→ **What to produce**
All pictures are to be omitted while the lines starting at the line with "Основной изюминкой может" and ending at the line with "- Glutamine 500" in the material below are retyped exactly, both ends included.

→ **Records for this exercise**
<<<<

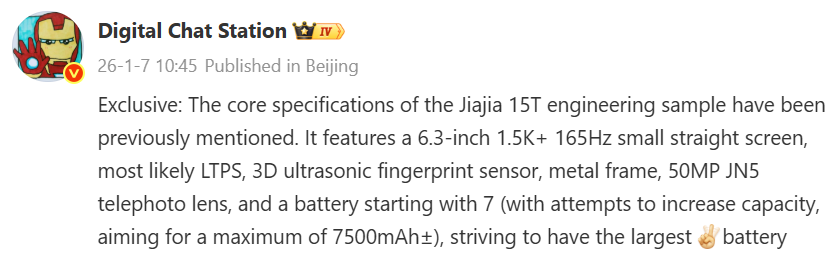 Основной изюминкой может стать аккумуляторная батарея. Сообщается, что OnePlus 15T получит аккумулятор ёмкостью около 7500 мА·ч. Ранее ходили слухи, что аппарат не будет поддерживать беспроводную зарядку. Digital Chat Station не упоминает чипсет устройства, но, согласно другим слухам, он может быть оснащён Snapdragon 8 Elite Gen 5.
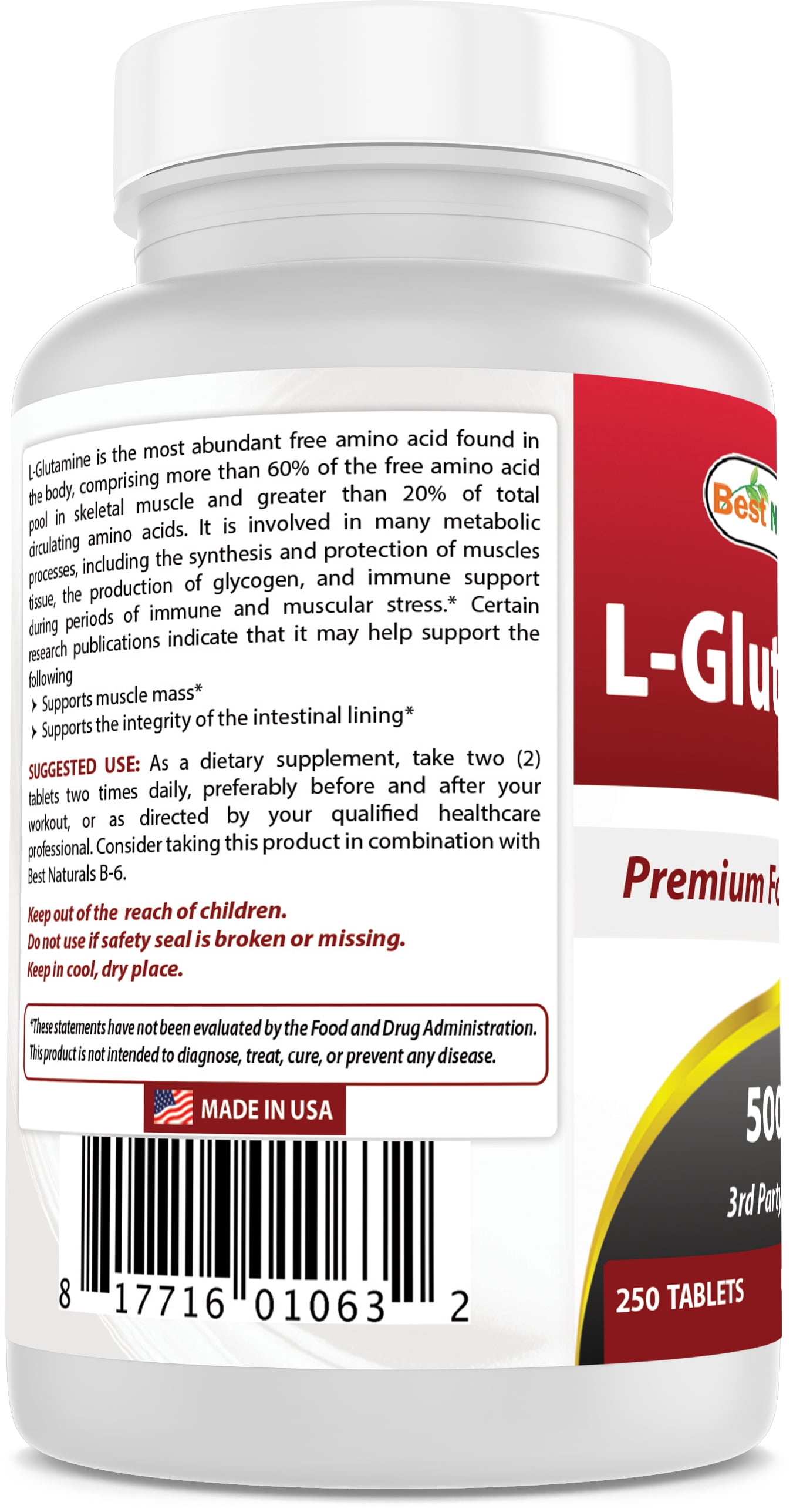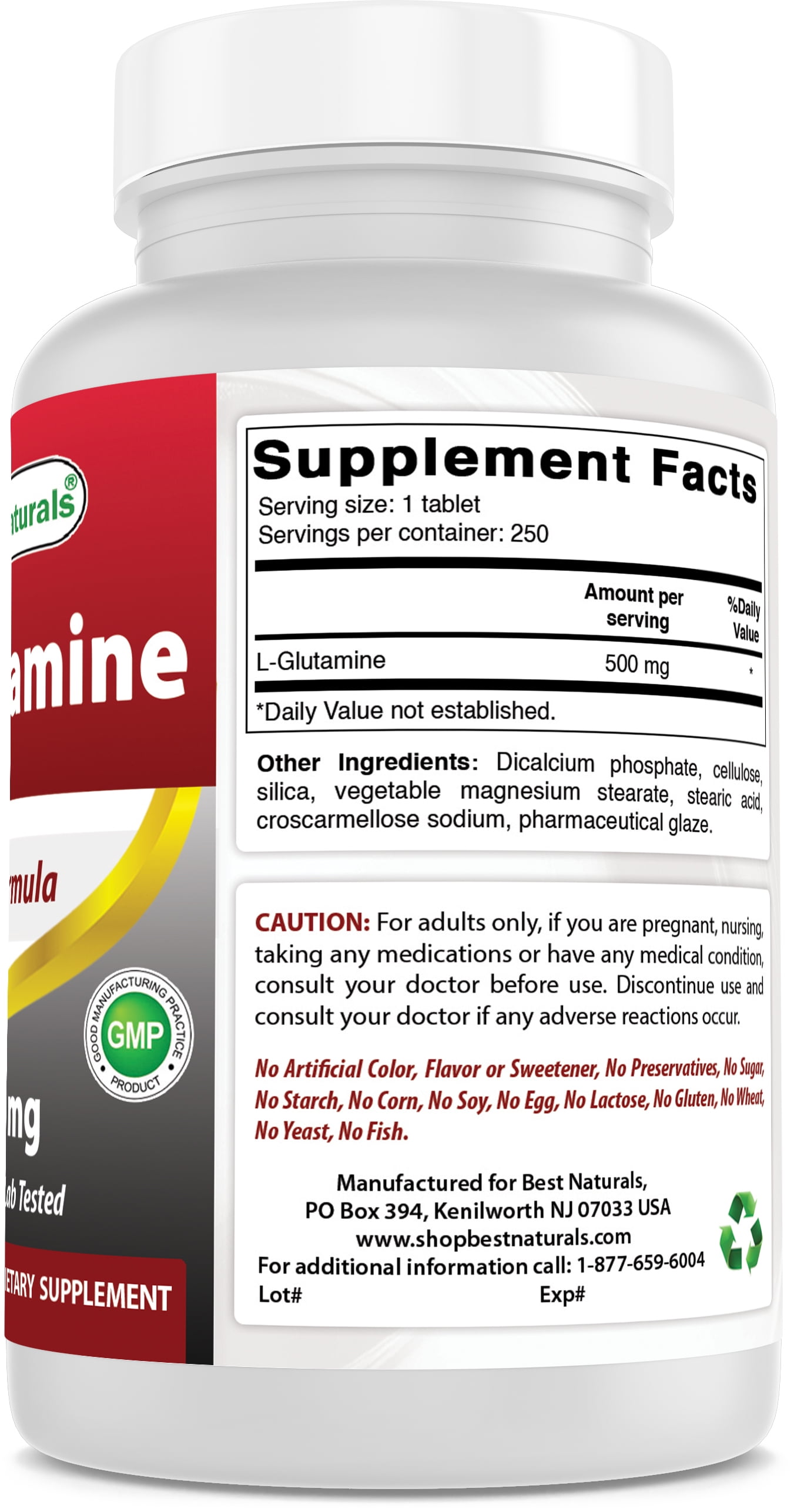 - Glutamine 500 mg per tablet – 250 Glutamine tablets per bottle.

>>>>
<<<<

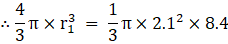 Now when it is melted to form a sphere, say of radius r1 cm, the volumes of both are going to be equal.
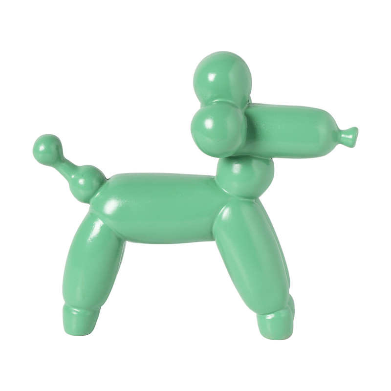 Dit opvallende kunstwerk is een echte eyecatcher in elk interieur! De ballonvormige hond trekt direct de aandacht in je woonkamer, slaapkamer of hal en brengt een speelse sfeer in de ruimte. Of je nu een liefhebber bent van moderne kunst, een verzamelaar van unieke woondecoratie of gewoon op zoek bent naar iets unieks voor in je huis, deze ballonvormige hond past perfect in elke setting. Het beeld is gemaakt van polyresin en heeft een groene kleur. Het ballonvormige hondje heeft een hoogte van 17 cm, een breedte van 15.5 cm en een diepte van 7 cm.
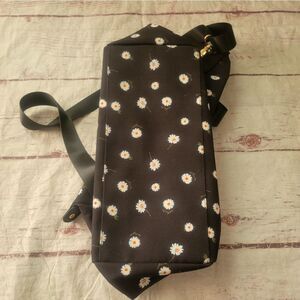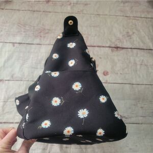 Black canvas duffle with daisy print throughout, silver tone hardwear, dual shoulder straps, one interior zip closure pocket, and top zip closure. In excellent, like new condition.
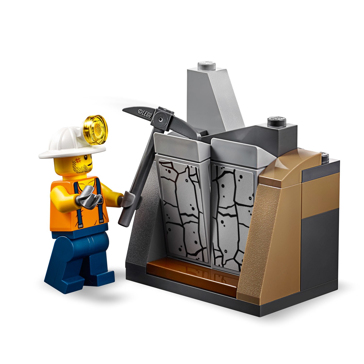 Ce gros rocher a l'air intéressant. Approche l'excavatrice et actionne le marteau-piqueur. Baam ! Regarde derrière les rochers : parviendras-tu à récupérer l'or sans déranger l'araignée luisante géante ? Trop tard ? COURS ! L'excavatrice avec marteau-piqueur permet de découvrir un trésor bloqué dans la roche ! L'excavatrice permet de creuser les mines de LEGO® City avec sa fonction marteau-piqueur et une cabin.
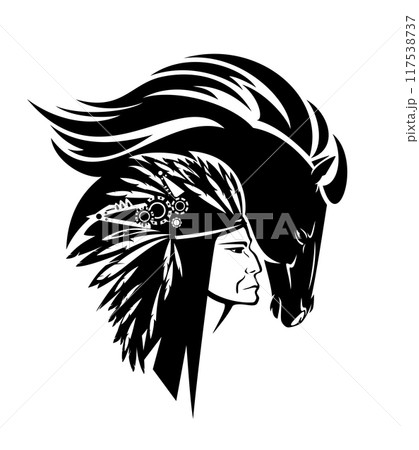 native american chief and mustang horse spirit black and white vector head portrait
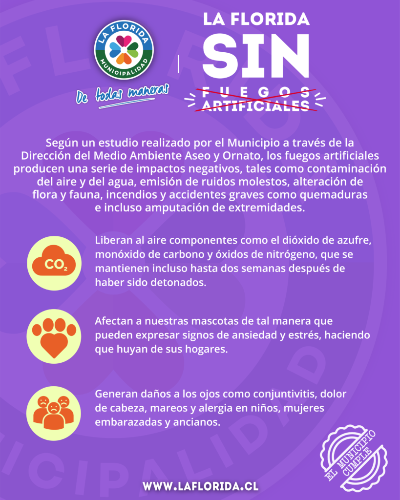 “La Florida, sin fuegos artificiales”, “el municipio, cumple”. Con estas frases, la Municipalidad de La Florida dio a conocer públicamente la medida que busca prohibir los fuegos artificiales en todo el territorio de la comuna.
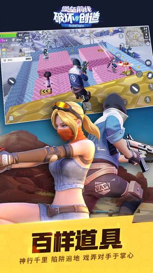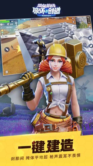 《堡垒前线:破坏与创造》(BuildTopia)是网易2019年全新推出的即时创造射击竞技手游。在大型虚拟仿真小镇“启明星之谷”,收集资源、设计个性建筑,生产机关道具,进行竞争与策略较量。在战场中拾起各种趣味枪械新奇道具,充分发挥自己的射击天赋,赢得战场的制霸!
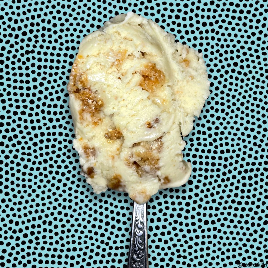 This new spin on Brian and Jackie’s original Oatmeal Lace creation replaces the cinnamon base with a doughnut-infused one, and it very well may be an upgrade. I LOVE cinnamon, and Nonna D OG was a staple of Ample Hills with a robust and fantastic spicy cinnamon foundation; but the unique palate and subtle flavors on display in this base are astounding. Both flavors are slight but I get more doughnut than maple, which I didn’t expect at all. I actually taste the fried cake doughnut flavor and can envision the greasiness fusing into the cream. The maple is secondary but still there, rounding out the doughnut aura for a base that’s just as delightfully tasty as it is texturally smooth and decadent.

>>>>
<<<<

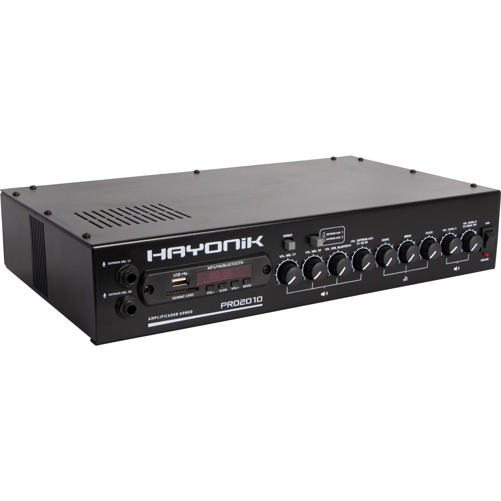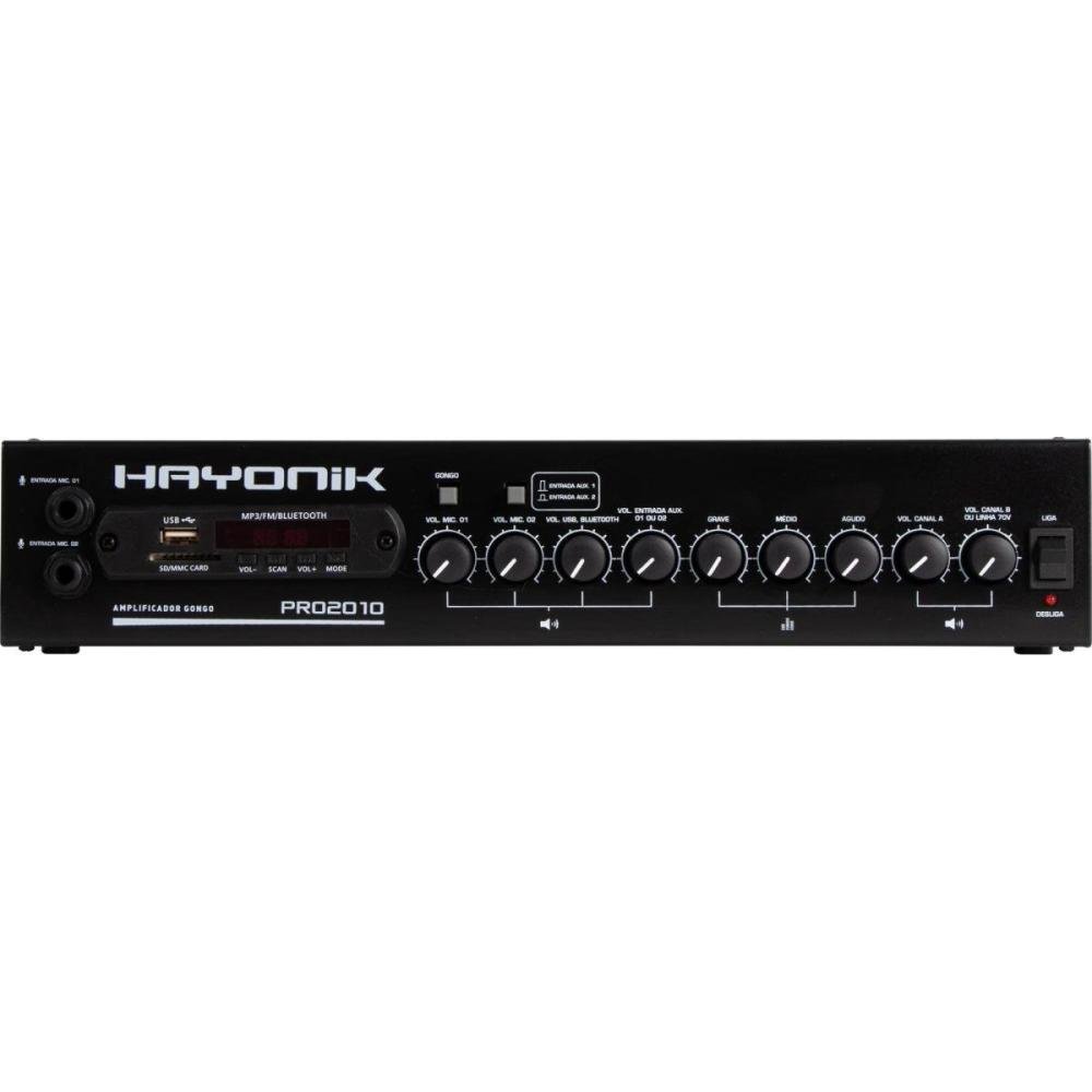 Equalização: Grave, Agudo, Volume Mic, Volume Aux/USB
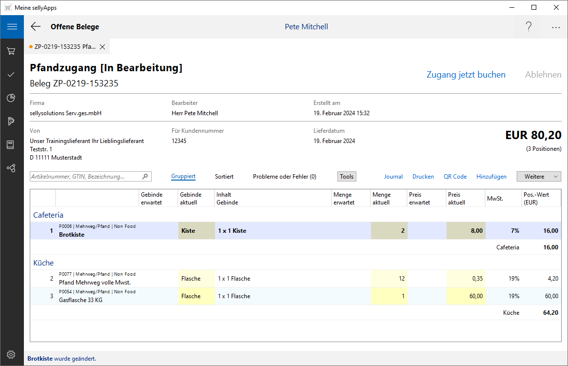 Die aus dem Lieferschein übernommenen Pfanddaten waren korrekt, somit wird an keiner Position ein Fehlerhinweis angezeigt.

>>>>

→ **Solved exercise**
 Основной изюминкой может стать аккумуляторная батарея. Сообщается, что OnePlus 15T получит аккумулятор ёмкостью около 7500 мА·ч. Ранее ходили слухи, что аппарат не будет поддерживать беспроводную зарядку. Digital Chat Station не упоминает чипсет устройства, но, согласно другим слухам, он может быть оснащён Snapdragon 8 Elite Gen 5.
 - Glutamine 500 mg per tablet – 250 Glutamine tablets per bottle.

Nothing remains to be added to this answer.